ASSIGNED TASK » Without the images, repeat every line of the listing exactly.

Segment Start: COLLECTED MATERIAL

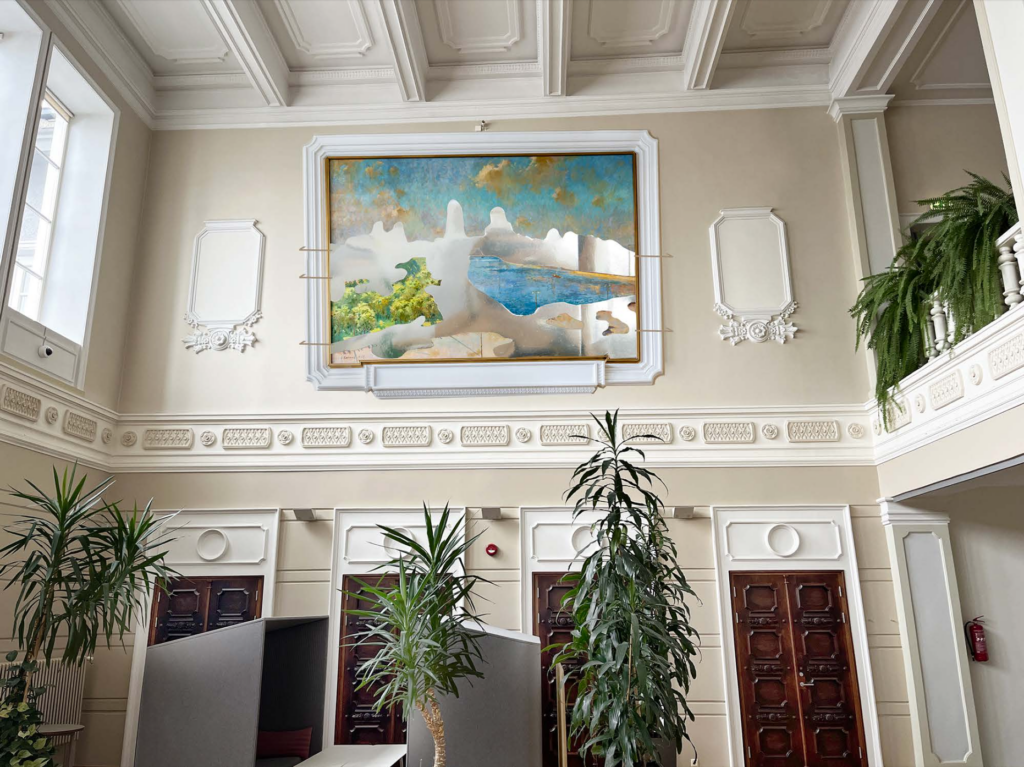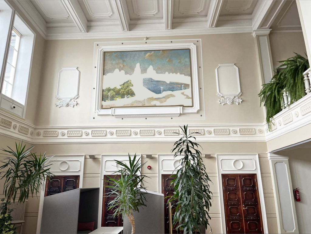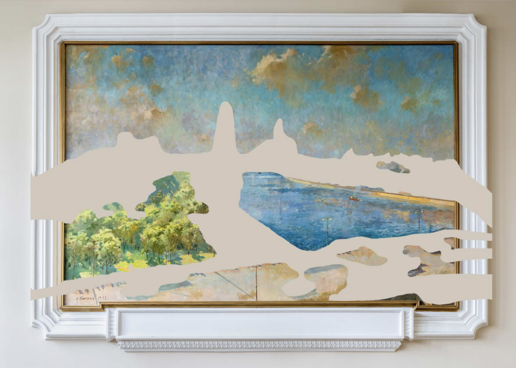 As a solution, I propose some visual overwriting techniques that allow the original artwork created in a specific interior to continue to exist in its place and at the same time to essentially fit into today. The visual image of all the proposed overwriting techniques is similar, resulting from the desire to remove the power symbols of the aggressor state from the painting and to make the depicted place anonymous.
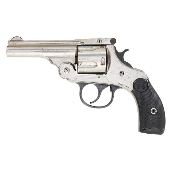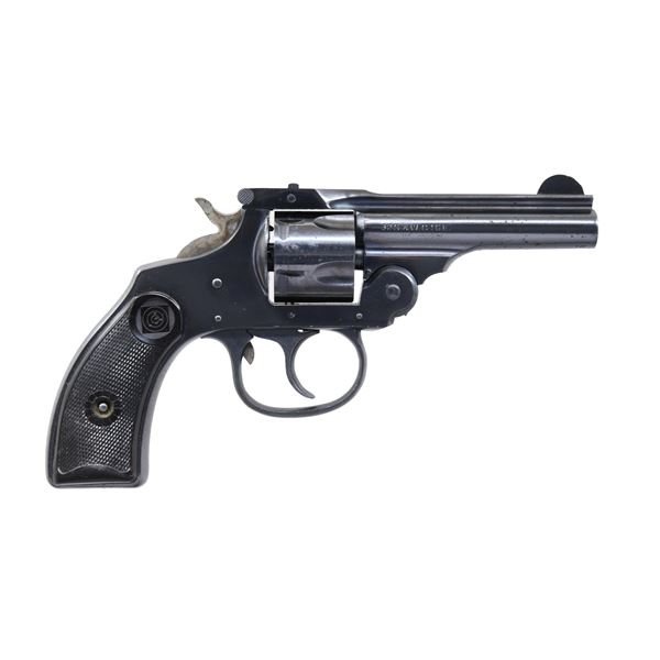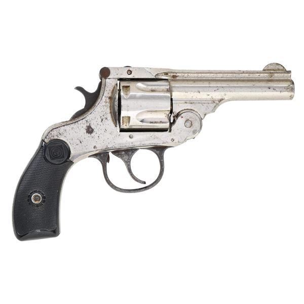 1) H&R AUTO-EJECTING TOP-BREAK DA REVOLVER. Cal. 38 S&W. S# 174510. Bbl. 3 ¼”. Round blade front sight. U-notch rear sight. Nickel finish with blued trigger guard, case colored trigger & hammer. Checkered black grips with target monograms. CONDITION: grips show a couple cracks on bottom, some dirt staining & handling wear. Metal shows scattered flaking & oxidation. Revolver appears to have a timing issue with cyl. Spinning a bit when hammer is cocked. Poor bore. (24-7176/MJC).
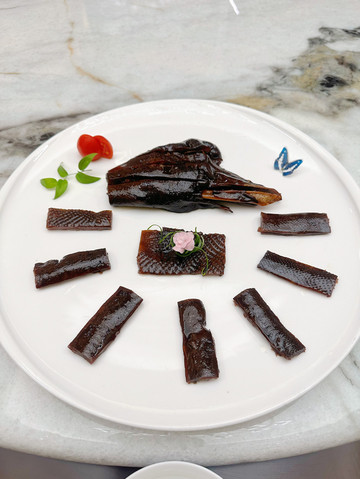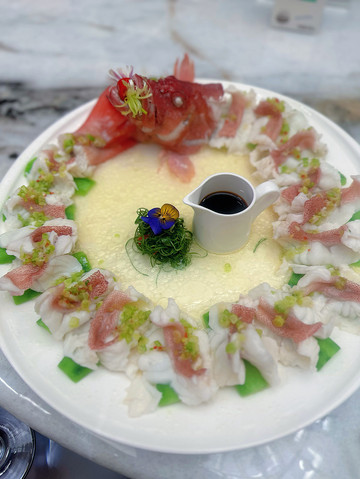 盘龙蒸东星斑:摆盘精致,是一道让人眼前一亮的海鲜美食,选用优质的东星斑,经过精细的切割和处理,将鱼肉均匀摆放在盘中,再加入特制的酱料和调料鱼肉肉质鲜美,口感嫩滑~原创原味潮汕菜真的太有特色了。

Segment End: COLLECTED MATERIAL

OUTPUT BELOW »
 As a solution, I propose some visual overwriting techniques that allow the original artwork created in a specific interior to continue to exist in its place and at the same time to essentially fit into today. The visual image of all the proposed overwriting techniques is similar, resulting from the desire to remove the power symbols of the aggressor state from the painting and to make the depicted place anonymous.
 1) H&R AUTO-EJECTING TOP-BREAK DA REVOLVER. Cal. 38 S&W. S# 174510. Bbl. 3 ¼”. Round blade front sight. U-notch rear sight. Nickel finish with blued trigger guard, case colored trigger & hammer. Checkered black grips with target monograms. CONDITION: grips show a couple cracks on bottom, some dirt staining & handling wear. Metal shows scattered flaking & oxidation. Revolver appears to have a timing issue with cyl. Spinning a bit when hammer is cocked. Poor bore. (24-7176/MJC).
 盘龙蒸东星斑:摆盘精致,是一道让人眼前一亮的海鲜美食,选用优质的东星斑,经过精细的切割和处理,将鱼肉均匀摆放在盘中,再加入特制的酱料和调料鱼肉肉质鲜美,口感嫩滑~原创原味潮汕菜真的太有特色了。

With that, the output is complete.